Records provided
════════════════════

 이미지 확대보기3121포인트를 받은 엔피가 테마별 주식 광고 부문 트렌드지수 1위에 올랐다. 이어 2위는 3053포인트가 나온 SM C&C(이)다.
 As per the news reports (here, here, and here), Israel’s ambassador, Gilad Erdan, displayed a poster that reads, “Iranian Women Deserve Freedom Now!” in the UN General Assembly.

════════════════════

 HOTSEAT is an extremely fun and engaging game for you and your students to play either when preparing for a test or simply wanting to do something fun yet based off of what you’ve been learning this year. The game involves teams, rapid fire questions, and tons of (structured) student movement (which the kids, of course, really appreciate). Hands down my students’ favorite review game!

════════════════════

Your assignment
Above are the records. Print exactly, and only, the lines from the line with "이미지 확대보기3121포인트를 받은" to the line with "As per the news", both inclusive.

Task result
 이미지 확대보기3121포인트를 받은 엔피가 테마별 주식 광고 부문 트렌드지수 1위에 올랐다. 이어 2위는 3053포인트가 나온 SM C&C(이)다.
 As per the news reports (here, here, and here), Israel’s ambassador, Gilad Erdan, displayed a poster that reads, “Iranian Women Deserve Freedom Now!” in the UN General Assembly.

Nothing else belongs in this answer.